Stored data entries
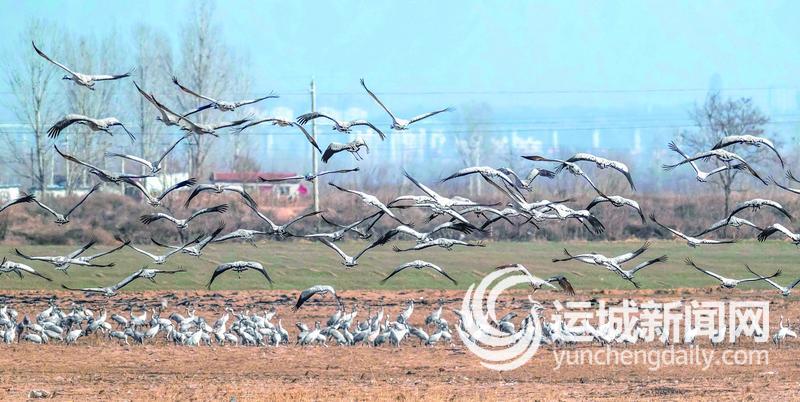 冬季时节,成群的灰鹤在万荣县黄河湿地越冬。近年来,当地不断加大黄河流域生态保护力度,黄河湿地生态环境持续向好,来此越冬的鸟类数量和种类逐年增加。 记者 茹雅 摄
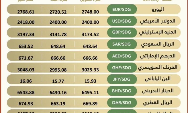 Currency #Exchange_Rates in Bank of Khartoum, On Saturday, 18 October 2025
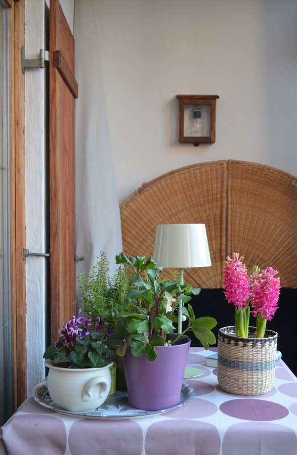 Mitte Januar, Terrassentisch, Sitzecke, Hyazinthe
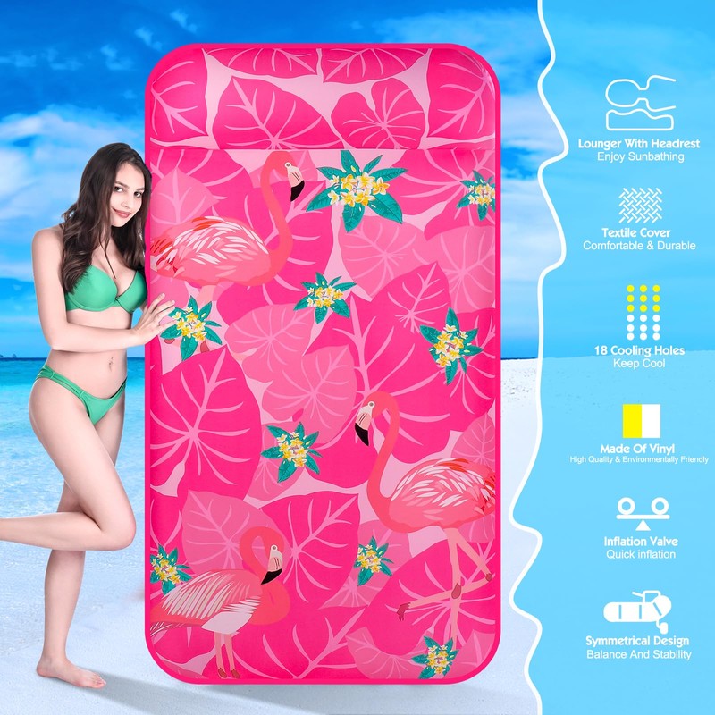 - 【UNIQUE DESIGN & ULTIMATE COMFORT】This Deluxe Oversized Pool Float with Headrest is designed with the contours of the human body in mind. The special heat dissipation design and ergonomics allow you to feel the coolness of summer while keeping your body balanced, and the high buoyancy lounger makes you feel like sunbathing on a soft bed. This pool float will bring you ultimate comfort this summer!
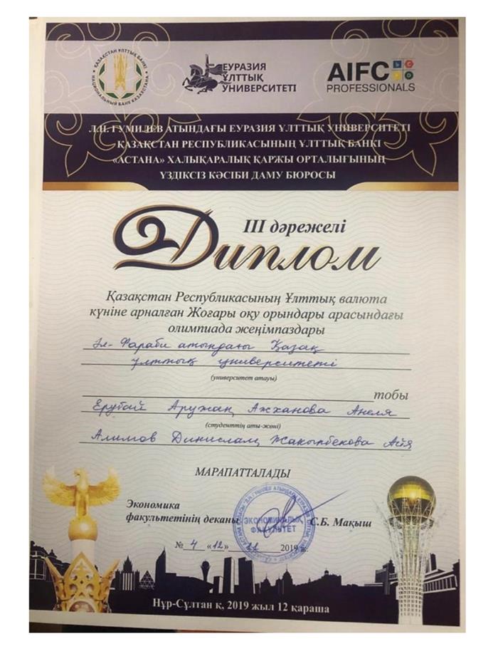 Awarded the group of the University of KazNU in the inter-university Olympiad dedicated to the day of the national currency of the Republic of Kazakhstan 04.12.2019 year |
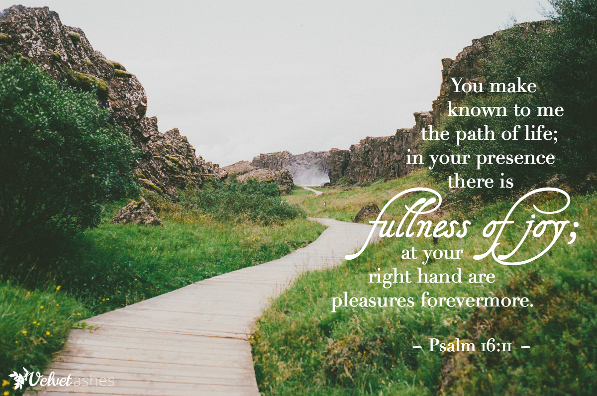 “You make known to me the path of life; in your presence there is fullness of joy; at your right hand are pleasures forevermore.” (Psalm 16:11)
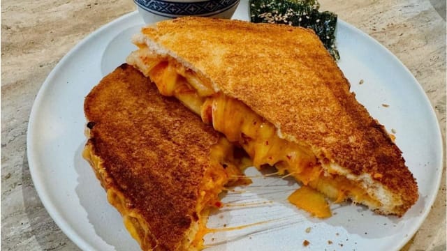 Kimchi, cheddar, mozzarella, mayo, gochujang, nori
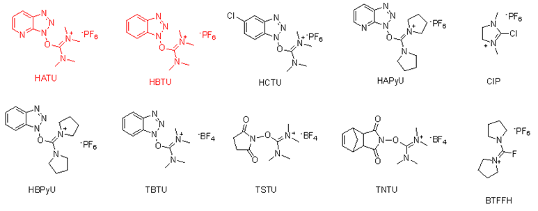 鎓鹽類的縮合劑活性較高,常用的脲鎓鹽如 HATU(縮合效果較好,但價格較貴),HBTU,和鏻鎓鹽如 PyBOP(活性高,一般在其他方法不反應(yīng)的條件下考慮),BOP。
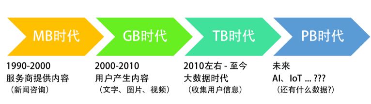 从一开始,我们处在 MB 时代,那个时候,电脑也是几百兆的硬盘就够了。因为那个时候的信息量不够大,只有内容服务提供商在提供内容,他们主要以新闻资讯为主,所以数据还不多。
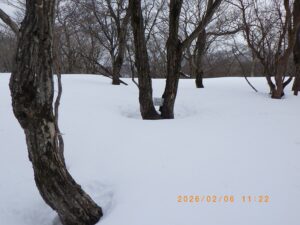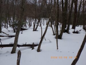 尾根が北東方向に直角に折れ曲がる辺りまで登るとようやくなだらかになり雪も増えて15cm程のラッセルが森山岳山頂まで続きます。登り着いた森山岳山頂にはトレ-スは全く無く今週は誰も登っていない様です。
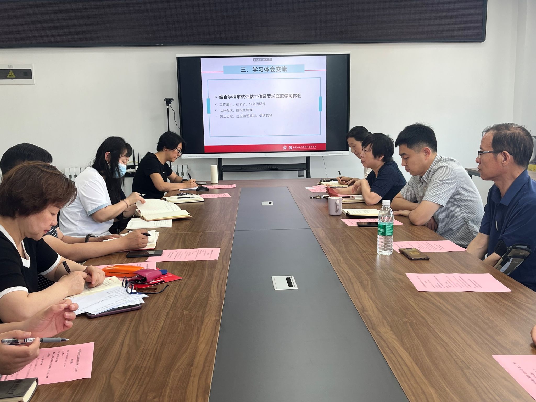 学习会严格落实“第一议题制度”,工商教工党支部书记陈曦带领大家共同学习习近平总书记在学习贯彻习近平新时代中国特色社会主义思想主题教育总结会议上的讲话,以及《求是》杂志发表的习近平总书记重要文章《铸牢中华民族共同体意识 推进新时代党的民族工作高质量发展》。会议第二阶段,集体学习了新修订的《中国共产党纪律处分条例》,深刻认识新修订《条例》与时俱进的鲜明特征和重大意义。接下来,各位参会党员结合学校审核评估工作进行交流学习体会。最后,王育晓对本次会议进行了总结。
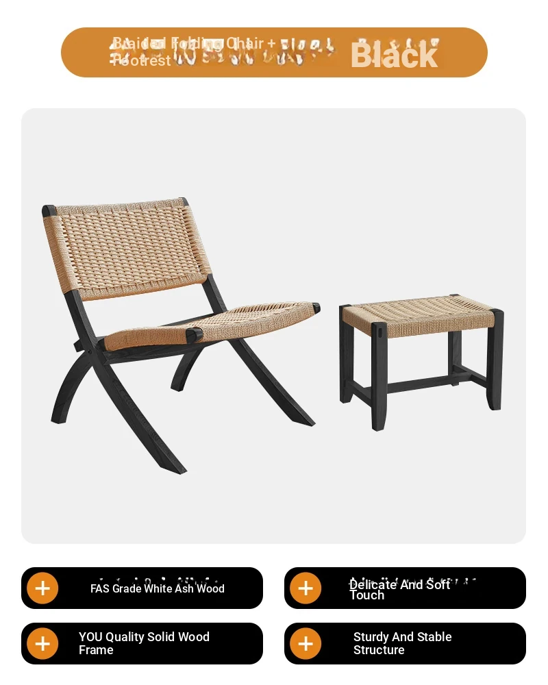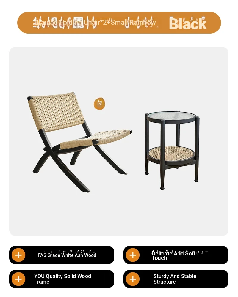 Rope-braided folding chair Black 2 + small Changhong black 1
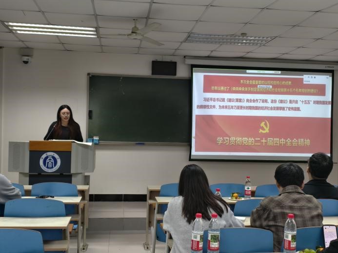 在专题学习环节,国家治理公司研究生党员邓婷围绕习近平总书记在党的二十届四中全会上的重要讲话和全会精神进行了系统领学。
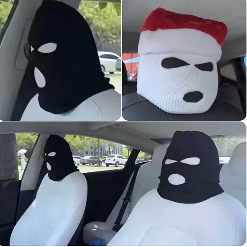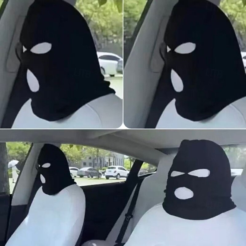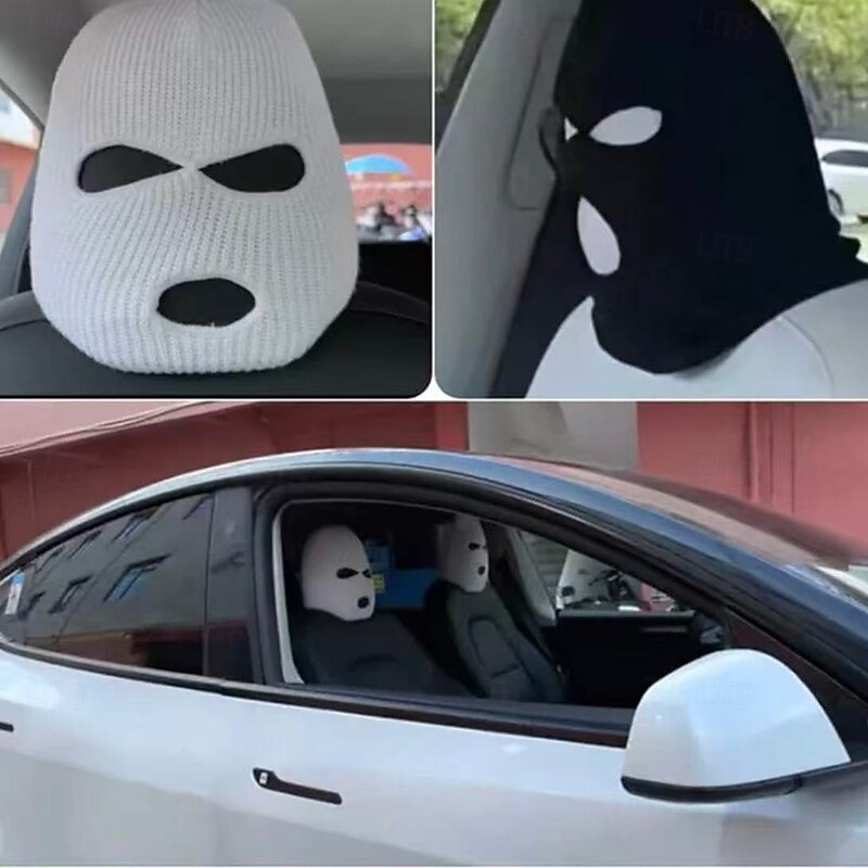 sought-after ! 2pcs Personalized Funny Hat for Car Seat Headcover, Universal Car Headrest Protector Covers, Funny Personality Car Interior Decoration, Black & White
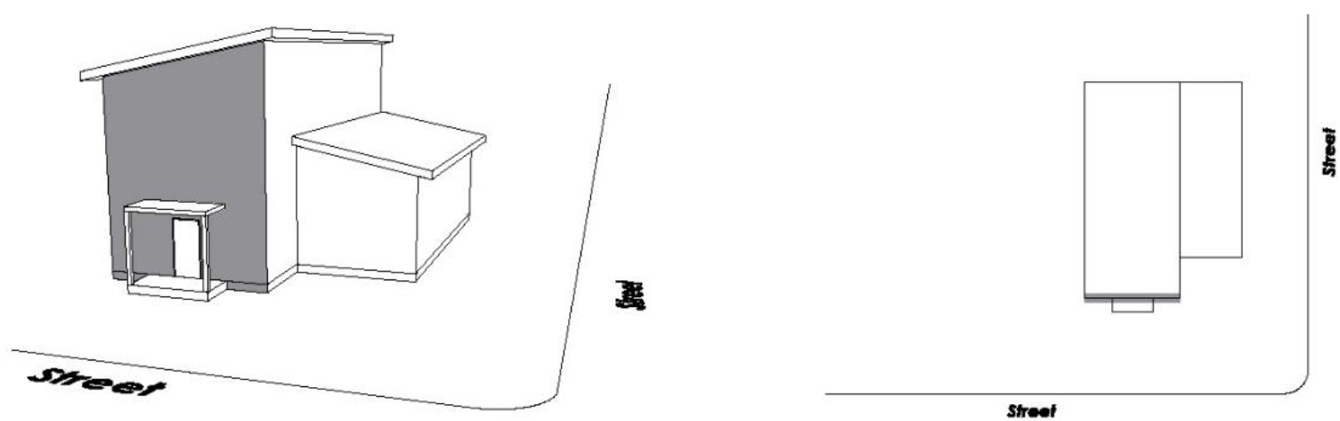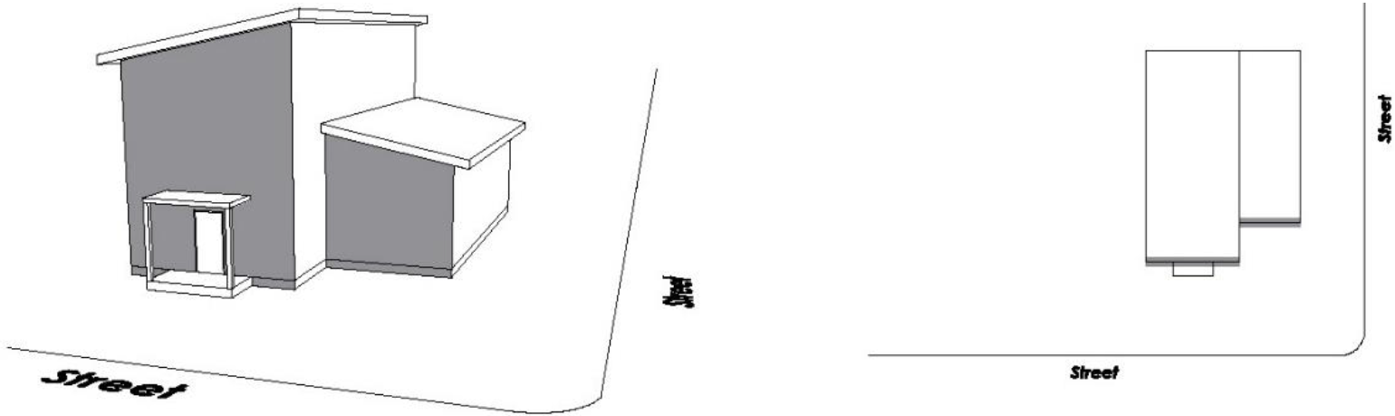 Street-Facing Façade. Any side of a building that faces a street. A street-facing façade may refer to multiple wall planes on a building face that face the street or right-of-way. See Figure 2.
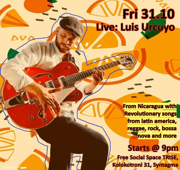 Ο φίλος Luis Urcuyo, μουσικός του δρόμου από τη Νικαράγουα, θα βρεθεί στην ταράτσα μας για μια βραδία με επαναστατικά τραγούδια από την Λατινική Αμερική, ροκ, ποπ, μπόσα νόβα κ.α.!
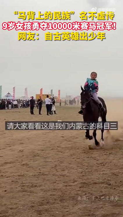 7月1日、內蒙古(內モンゴル)自治區(qū)巴彥淖爾(バヤンノール)市烏拉特(ウラド)中旗で、蒙古(モンゴル)族の9歳の女の子が10000メートルの乗馬のレースで優(yōu)勝した。この女の子が「乗馬歴は4年。今回は5周で10000メートル走り、1位になった」と淡々と話す様子に、ネットユーザーからは「さすが馬上の民族」と感嘆の聲が上がった。(編集KS)
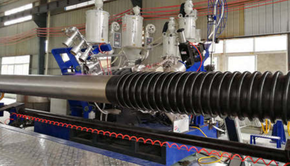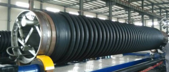 聚乙烯纏繞管是采用高密度聚乙烯 (HDPE) 為原料,添加 1.5-2% 的色母粒,通過兩臺單螺桿擠出機(jī)擠到成型內(nèi)模上,將方管纏繞到內(nèi)模上(內(nèi)模為轉(zhuǎn)動的),兩道方管之間再擠上 HDPE 料,將兩道方管熔合起來,外加滾輪將熔合料壓平,再通過噴水冷卻,切割成管。其優(yōu)點是管徑大,可生產(chǎn)直徑達(dá) 3000mm 的管材,耐腐蝕,不結(jié)垢,壽命長達(dá) 50 年,生產(chǎn)設(shè)備投入小,但生產(chǎn)速度慢 , 生產(chǎn)成本較高。

▶ [Exercise instructions]: Retype each line of the data exactly, beginning with the first; include the line containing "Ο φίλος Luis" and stop there, skipping every picture.

▶ [Answer for the task]:
 冬季时节,成群的灰鹤在万荣县黄河湿地越冬。近年来,当地不断加大黄河流域生态保护力度,黄河湿地生态环境持续向好,来此越冬的鸟类数量和种类逐年增加。 记者 茹雅 摄
 Currency #Exchange_Rates in Bank of Khartoum, On Saturday, 18 October 2025
 Mitte Januar, Terrassentisch, Sitzecke, Hyazinthe
 - 【UNIQUE DESIGN & ULTIMATE COMFORT】This Deluxe Oversized Pool Float with Headrest is designed with the contours of the human body in mind. The special heat dissipation design and ergonomics allow you to feel the coolness of summer while keeping your body balanced, and the high buoyancy lounger makes you feel like sunbathing on a soft bed. This pool float will bring you ultimate comfort this summer!
 Awarded the group of the University of KazNU in the inter-university Olympiad dedicated to the day of the national currency of the Republic of Kazakhstan 04.12.2019 year |
 “You make known to me the path of life; in your presence there is fullness of joy; at your right hand are pleasures forevermore.” (Psalm 16:11)
 Kimchi, cheddar, mozzarella, mayo, gochujang, nori
 鎓鹽類的縮合劑活性較高,常用的脲鎓鹽如 HATU(縮合效果較好,但價格較貴),HBTU,和鏻鎓鹽如 PyBOP(活性高,一般在其他方法不反應(yīng)的條件下考慮),BOP。
 从一开始,我们处在 MB 时代,那个时候,电脑也是几百兆的硬盘就够了。因为那个时候的信息量不够大,只有内容服务提供商在提供内容,他们主要以新闻资讯为主,所以数据还不多。
 尾根が北東方向に直角に折れ曲がる辺りまで登るとようやくなだらかになり雪も増えて15cm程のラッセルが森山岳山頂まで続きます。登り着いた森山岳山頂にはトレ-スは全く無く今週は誰も登っていない様です。
 学习会严格落实“第一议题制度”,工商教工党支部书记陈曦带领大家共同学习习近平总书记在学习贯彻习近平新时代中国特色社会主义思想主题教育总结会议上的讲话,以及《求是》杂志发表的习近平总书记重要文章《铸牢中华民族共同体意识 推进新时代党的民族工作高质量发展》。会议第二阶段,集体学习了新修订的《中国共产党纪律处分条例》,深刻认识新修订《条例》与时俱进的鲜明特征和重大意义。接下来,各位参会党员结合学校审核评估工作进行交流学习体会。最后,王育晓对本次会议进行了总结。
 Rope-braided folding chair Black 2 + small Changhong black 1
 在专题学习环节,国家治理公司研究生党员邓婷围绕习近平总书记在党的二十届四中全会上的重要讲话和全会精神进行了系统领学。
 sought-after ! 2pcs Personalized Funny Hat for Car Seat Headcover, Universal Car Headrest Protector Covers, Funny Personality Car Interior Decoration, Black & White
 Street-Facing Façade. Any side of a building that faces a street. A street-facing façade may refer to multiple wall planes on a building face that face the street or right-of-way. See Figure 2.
 Ο φίλος Luis Urcuyo, μουσικός του δρόμου από τη Νικαράγουα, θα βρεθεί στην ταράτσα μας για μια βραδία με επαναστατικά τραγούδια από την Λατινική Αμερική, ροκ, ποπ, μπόσα νόβα κ.α.!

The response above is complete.